June 9, 1945
WASHINGTON, Friday – At the moment, certain actions of American Communists in this country have added fuel to the general fear of Communism as an international force.
Earl Browder has been reprimanded for an attitude which many of us believed had represented the attitude of the Soviet government.
We, in this country, feel that any nation has a right within its own borders to the kind of government it feels best meets the needs of the people. It is only when those beliefs begin to encroach on other nations and on other people, and to endanger their free beliefs and actions by attempting to propagandize them, either openly or secretly, that fear is awakened. The next step, we have learned through the rise of Fascism, is to try by force to push upon the rest of the world the beliefs which your particular nation holds. That is what we, including the Soviet Union, have had to fight, and the war has been a long, cruel war.
It frightens us to see any group in our midst proposing to propagandize instead of cooperating where possible and letting people think and act for themselves. This might lead to war at home and abroad. Therefore, the French Communist leader and the American Communists who encourage a policy of world revolution have done the peace of the world harm.
The American Communist Party had been cooperative where they could be. But now, as we understand it, they are out to force Communism on our democracy. That we will not tolerate.

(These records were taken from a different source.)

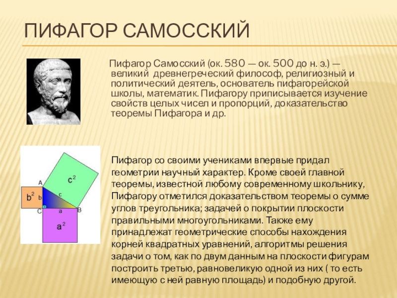 Пифагор со своими учениками впервые придал геометрии научный характер. Кроме своей главной теоремы, известной любому современному школьнику, Пифагору отметился доказательством теоремы о сумме углов треугольника; задачей о покрытии плоскости правильными многоугольниками. Также ему принадлежат геометрические способы нахождения корней квадратных уравнений, алгоритмы решения задачи о том, как по двум данным на плоскости фигурам построить третью, равновеликую одной из них ( то есть имеющую с ней равную площадь) и подобную другой.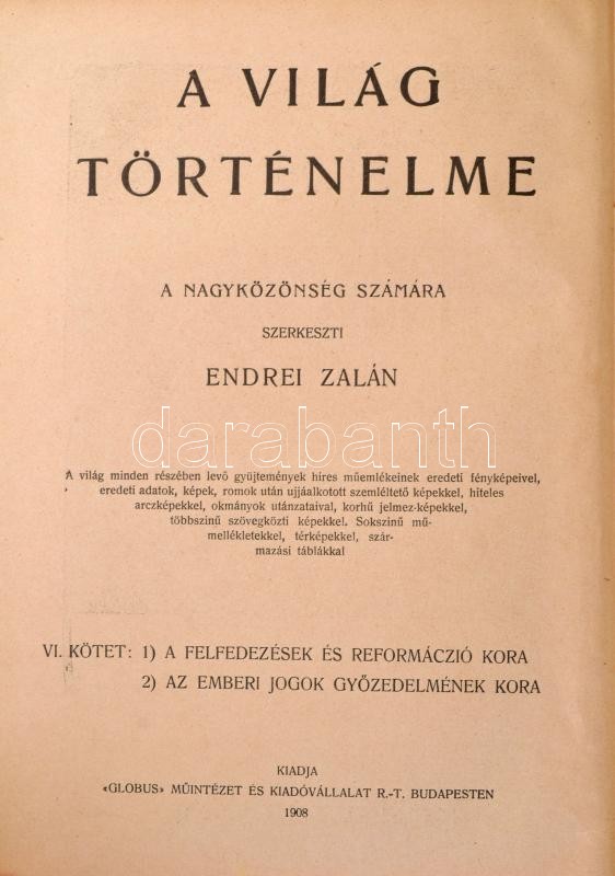 A felfedezések és a reformáció kora. A világ történelme 6. kötet. Szer... https://www.darabanth.com/en/308-Online-auction/308.0/Books/Books-History~600004/A-felfedezesek-es-a-reformacio-kora-A-vilag-tortenelme-6-kotet-Szerk-Endrei-Zalan-Bp~II1580918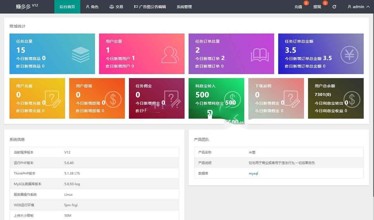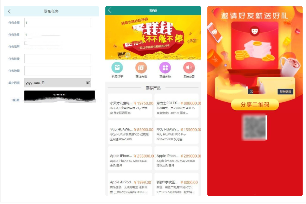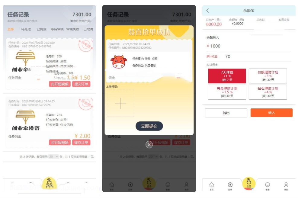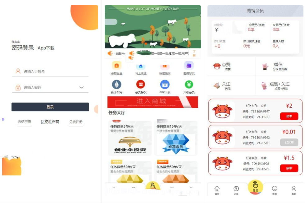 任务接单,主要分为抖音和快手任务关注点赞,用户可以领取符合要求的任务,任务直接打开app关注和点赞,截图提交,后台审核通过后即可领取佣金。推广为三级分销后台可以设置。余额宝分为定数时间,合约到就会产生收益。添加商城,前台发布任务,短信切换三种接口。增加暗扣功能。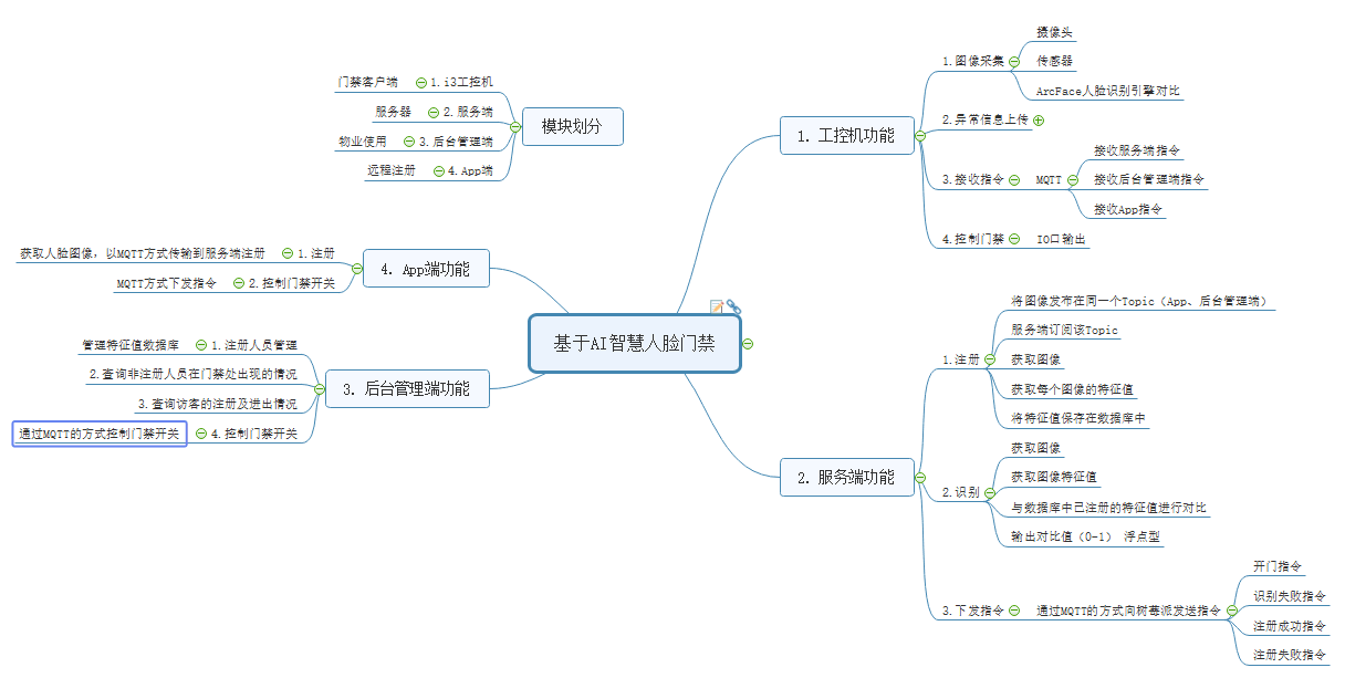 教 学 策 略 | 对系统进行模块划分,在组里指定员工分工完成工控机功能,服务端功能,后台管理功能,App端功能,并掌握虹软ArcFace SDK人脸识别引擎、利用RSA非对称加密算法、低功耗的嵌入式Linux开发板等开发技术。 对应的课前任务: 根据本组开发任务提前做好相关开发技术的准备工作,包括PyCharm、Qt、ArcFace SDK,Eclipse、IntelliJ,MySQL,Android Studio,TensorFlow等开发环境的搭建,开发语言和脚本的学习。 模块设计框图(如图1所示)

I am not afraid of the Communists in the United States. They are a very small group, and my feeling has always been that as long as the needs of our people are met by our own form of government, democracy need have no fear of the growth of other ideas, either in the field of economics or of government.
As a people, we are not afraid of the Soviet Union. We feel kindly toward the Soviet people. Our soldiers admire them, and so do our people generally, for the way they have fought in the war. We do not understand them very well, nor do we understand their problems or their real feelings about things which affect us deeply. That understanding can only come gradually, as we get to know each other better, and we cannot know each other unless we live in a peaceful world.
The sooner we clear up authoritatively this whole situation of the Communist Party outside of the Soviet Union, the better chance we will have for peace in the future. The Russian people should know this, and so should the people of the United States. If they both demand a clarification of a situation which may grow until it endangers peace in the world, responsible people will have to listen. Light may break on what now seems a situation through which all the people who want to make trouble between the United States and the Soviet Union can do so.